══ DATA TO PROCESS ══

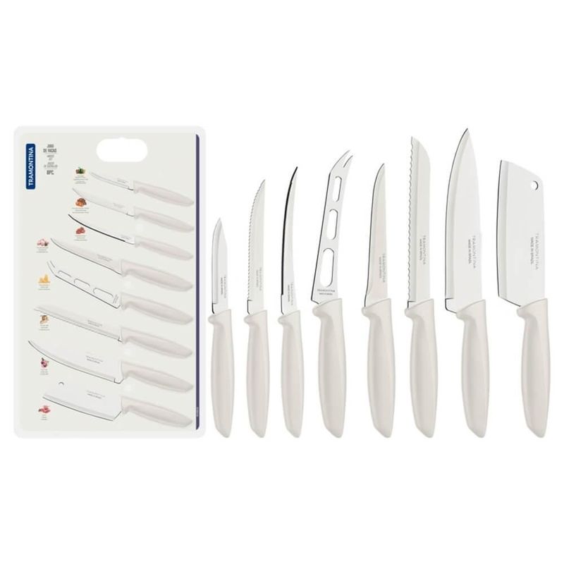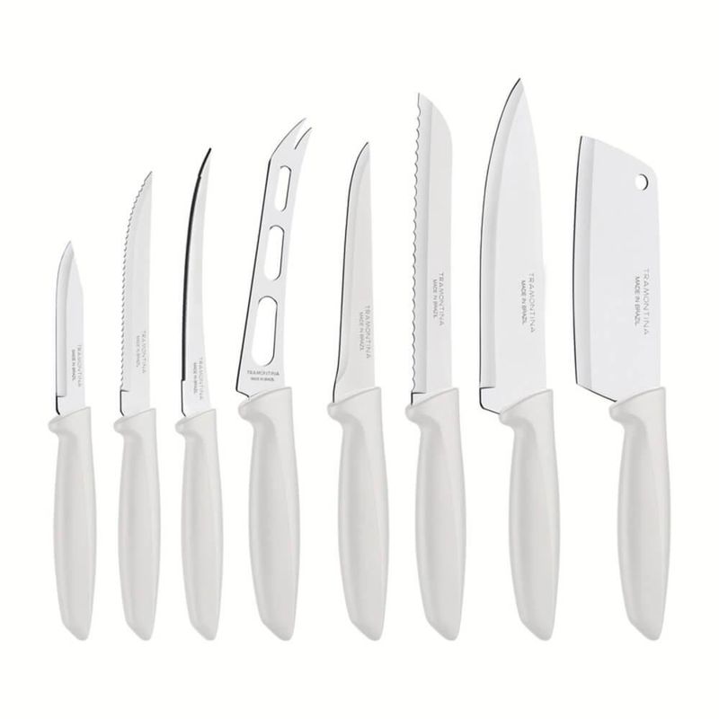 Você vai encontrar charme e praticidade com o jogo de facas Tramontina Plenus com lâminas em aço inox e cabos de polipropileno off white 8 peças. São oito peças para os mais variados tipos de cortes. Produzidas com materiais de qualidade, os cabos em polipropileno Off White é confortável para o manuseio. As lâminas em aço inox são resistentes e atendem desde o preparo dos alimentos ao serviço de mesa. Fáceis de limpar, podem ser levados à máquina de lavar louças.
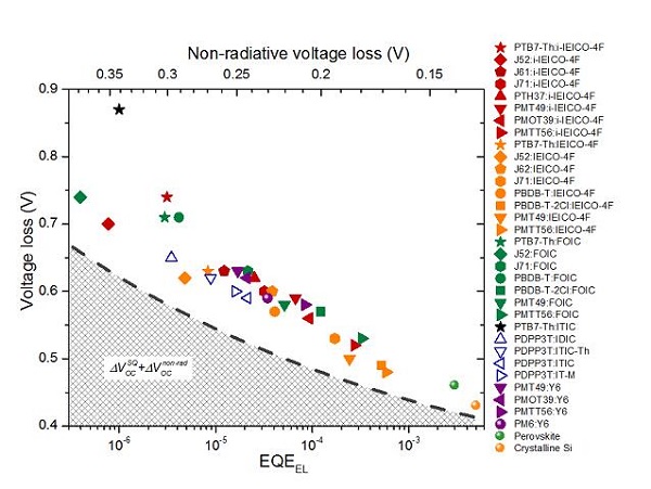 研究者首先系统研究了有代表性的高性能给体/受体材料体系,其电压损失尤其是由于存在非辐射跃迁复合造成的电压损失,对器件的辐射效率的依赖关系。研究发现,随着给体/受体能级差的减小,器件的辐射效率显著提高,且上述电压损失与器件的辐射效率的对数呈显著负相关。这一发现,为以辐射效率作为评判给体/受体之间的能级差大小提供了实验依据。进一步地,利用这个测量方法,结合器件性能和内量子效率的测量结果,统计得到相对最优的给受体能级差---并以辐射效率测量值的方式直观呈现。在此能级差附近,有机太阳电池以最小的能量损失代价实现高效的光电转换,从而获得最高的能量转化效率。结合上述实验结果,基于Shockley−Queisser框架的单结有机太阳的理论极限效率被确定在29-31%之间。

═══
══ DATA TO PROCESS ══

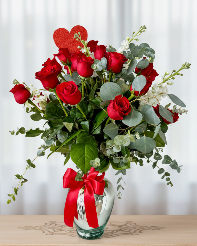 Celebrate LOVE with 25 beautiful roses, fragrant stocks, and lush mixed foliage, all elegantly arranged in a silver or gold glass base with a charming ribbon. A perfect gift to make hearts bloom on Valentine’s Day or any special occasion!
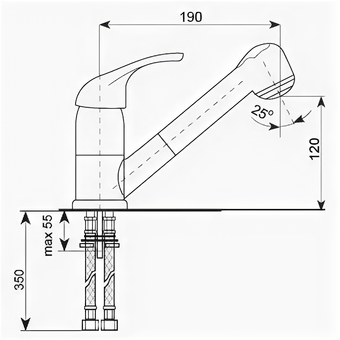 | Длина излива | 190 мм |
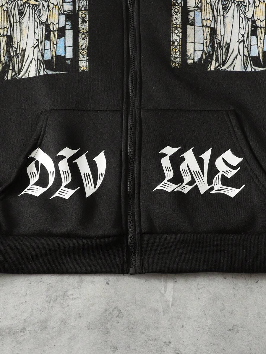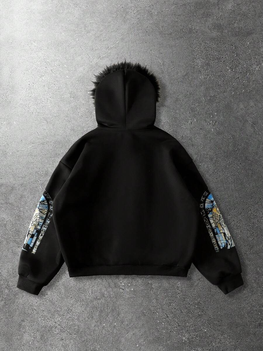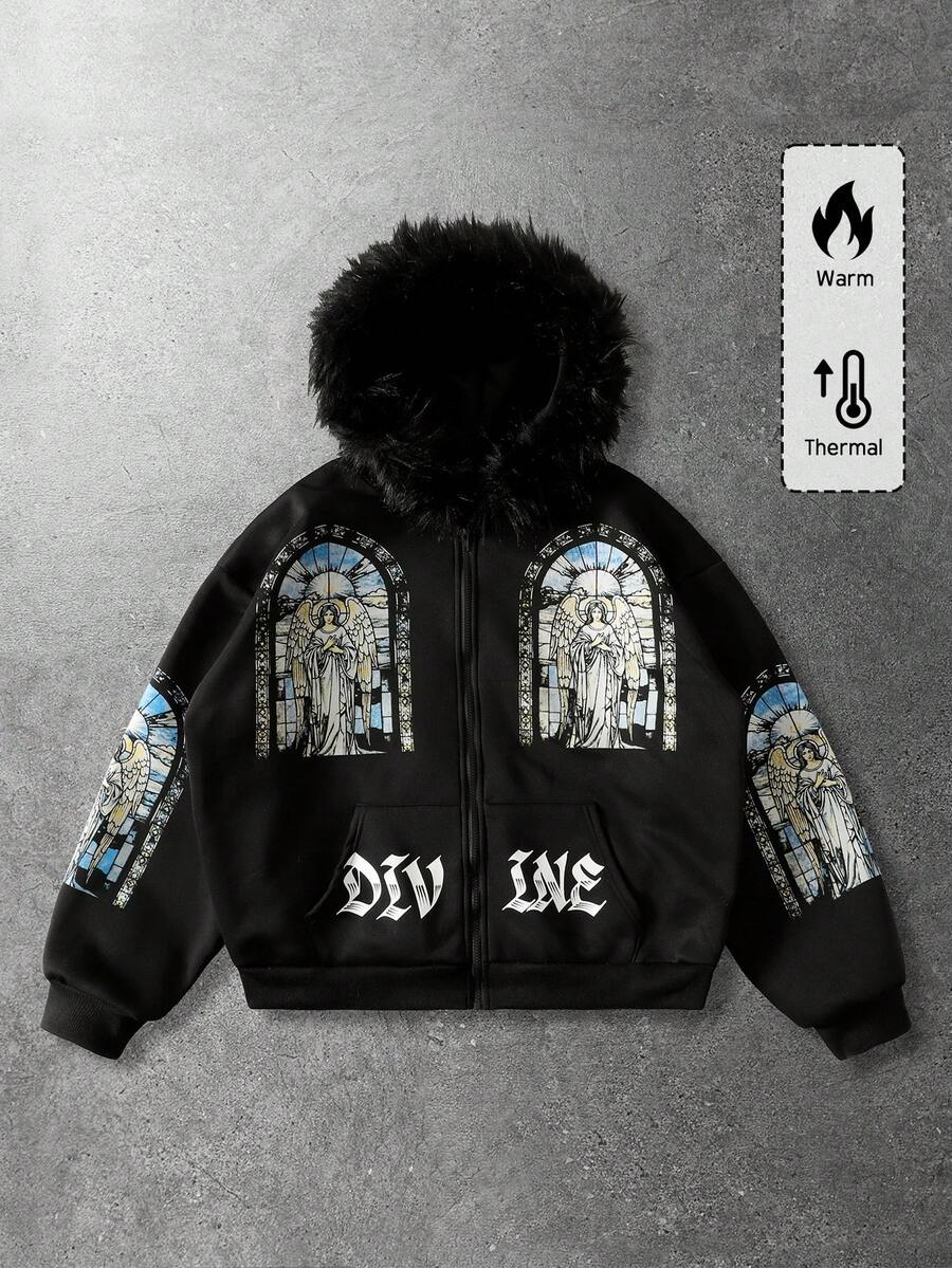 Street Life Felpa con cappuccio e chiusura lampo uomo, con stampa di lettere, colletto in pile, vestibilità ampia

═══
══ DATA TO PROCESS ══

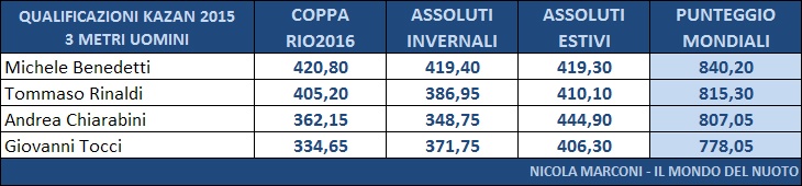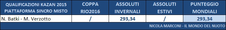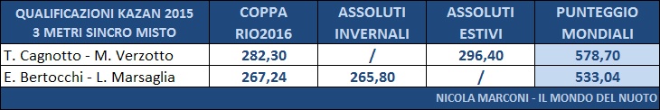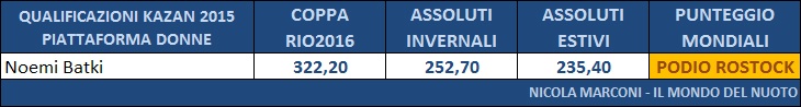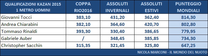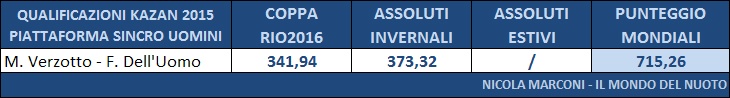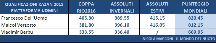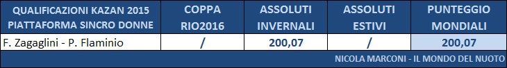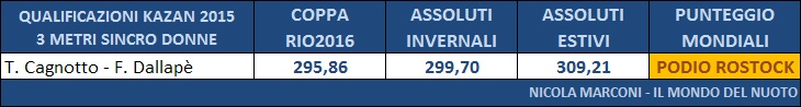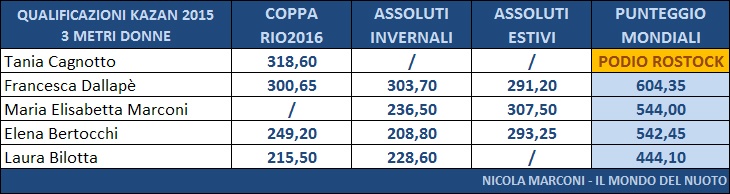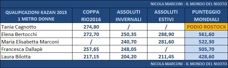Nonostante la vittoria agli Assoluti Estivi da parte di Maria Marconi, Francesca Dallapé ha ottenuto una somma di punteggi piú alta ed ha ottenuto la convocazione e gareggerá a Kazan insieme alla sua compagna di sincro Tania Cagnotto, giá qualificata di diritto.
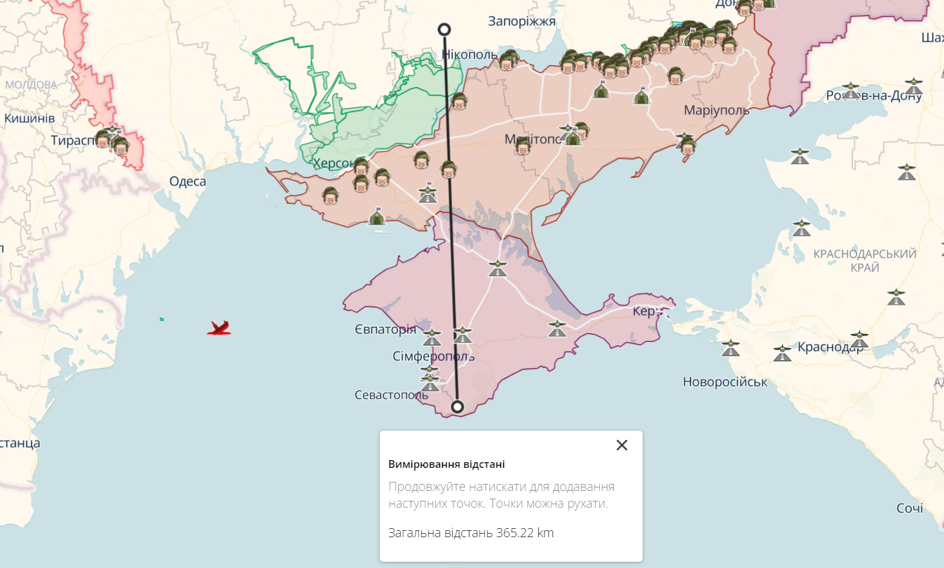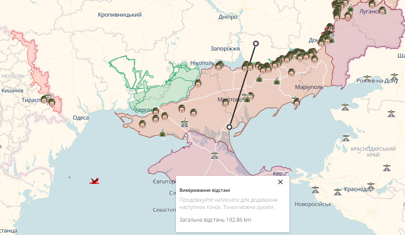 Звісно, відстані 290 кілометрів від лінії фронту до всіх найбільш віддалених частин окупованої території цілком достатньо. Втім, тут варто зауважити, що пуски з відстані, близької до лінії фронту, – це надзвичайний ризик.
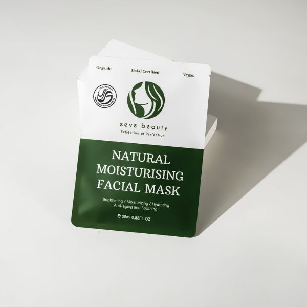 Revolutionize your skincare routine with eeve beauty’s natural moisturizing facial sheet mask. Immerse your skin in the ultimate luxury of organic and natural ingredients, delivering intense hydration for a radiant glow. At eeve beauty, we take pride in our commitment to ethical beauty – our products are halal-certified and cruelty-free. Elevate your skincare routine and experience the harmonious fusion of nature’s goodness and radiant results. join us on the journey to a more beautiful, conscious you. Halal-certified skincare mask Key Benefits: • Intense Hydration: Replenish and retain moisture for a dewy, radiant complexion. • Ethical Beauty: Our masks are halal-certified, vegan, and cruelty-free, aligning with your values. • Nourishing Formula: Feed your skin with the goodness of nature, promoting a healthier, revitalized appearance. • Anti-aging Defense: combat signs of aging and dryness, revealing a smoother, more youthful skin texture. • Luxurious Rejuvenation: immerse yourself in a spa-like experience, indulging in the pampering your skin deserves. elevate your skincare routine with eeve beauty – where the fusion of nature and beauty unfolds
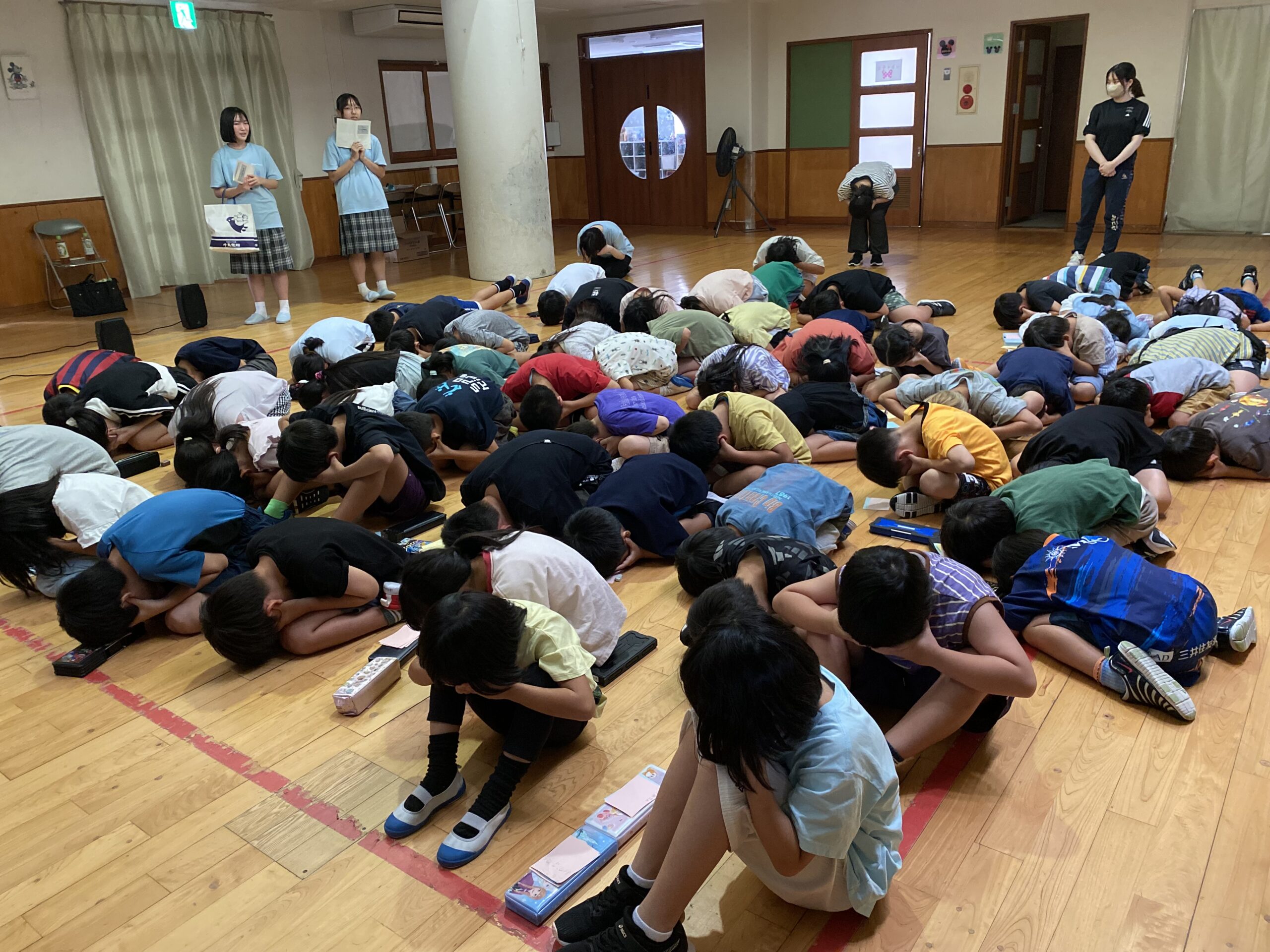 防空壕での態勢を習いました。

═══

HOW TO COMPLETE THIS TASK
From the data above, return only the lines starting at the line that holds "Você vai encontrar" and ending at the line that holds "研究者首先系统研究了有代表性", word for word and without pictures.

RESULT OF THE EXERCISE
 Você vai encontrar charme e praticidade com o jogo de facas Tramontina Plenus com lâminas em aço inox e cabos de polipropileno off white 8 peças. São oito peças para os mais variados tipos de cortes. Produzidas com materiais de qualidade, os cabos em polipropileno Off White é confortável para o manuseio. As lâminas em aço inox são resistentes e atendem desde o preparo dos alimentos ao serviço de mesa. Fáceis de limpar, podem ser levados à máquina de lavar louças.
 研究者首先系统研究了有代表性的高性能给体/受体材料体系,其电压损失尤其是由于存在非辐射跃迁复合造成的电压损失,对器件的辐射效率的依赖关系。研究发现,随着给体/受体能级差的减小,器件的辐射效率显著提高,且上述电压损失与器件的辐射效率的对数呈显著负相关。这一发现,为以辐射效率作为评判给体/受体之间的能级差大小提供了实验依据。进一步地,利用这个测量方法,结合器件性能和内量子效率的测量结果,统计得到相对最优的给受体能级差---并以辐射效率测量值的方式直观呈现。在此能级差附近,有机太阳电池以最小的能量损失代价实现高效的光电转换,从而获得最高的能量转化效率。结合上述实验结果,基于Shockley−Queisser框架的单结有机太阳的理论极限效率被确定在29-31%之间。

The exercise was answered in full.